2. Outside oncology: lifestyle therapeutics (weight management and related agents) as genuinely transformational—impacting inflammation, disease prevalence curves, and what population health looks like by 2035.

The interviewer adds an important counterweight: the future may improve in some dimensions while worsening in others (environmental pressures, microplastics, shifting cancer epidemiology). The exchange avoids both techno-utopianism and doom; it’s more like: the prevalence table will look different—and we should plan accordingly.

The quiet takeaway

If I had to distill the episode into one unflashy, high-consequence point, it’s this: time is becoming a first-class citizen in biomedical AI, not an afterthought.
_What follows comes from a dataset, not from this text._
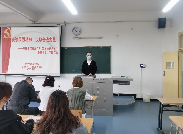 9月29日早上,在第9个国家烈士纪念日到来之际,PP电子游戏平台网站党总支组织学生第一党支部、学生第二党支部、团总支开展“赓续英烈精神 汲取奋进力量”烈士纪念日主题党日、团日活动。PP电子游戏平台网站党总支组织委员成英丽,学生第一、二党支部书记李章雨、吕以宁,学生第二党支部组织(纪检)委员石纭昊,团总支书记张宇航,全体学生党员、团员代表、学生会主要干部、退役大学生士兵代表参会,活动由PP电子游戏平台网站团总支书记张宇航主持。

Once you embed temporality—across modalities, across spatial context, across patient trajectories—you’re no longer asking “What is this?” but “What is this becoming?”

That’s a different kind of question. And it demands a different kind of data strategy, partnership strategy, and validation discipline than the industry has typically shown.

Owkin’s series is at its best when it holds two ideas at once: ambition about what’s possible and sobriety about what it takes—data scale, semantic interoperability, external validation, and the slow, stubborn reality check of clinical trials. This episode sits squarely in that lane.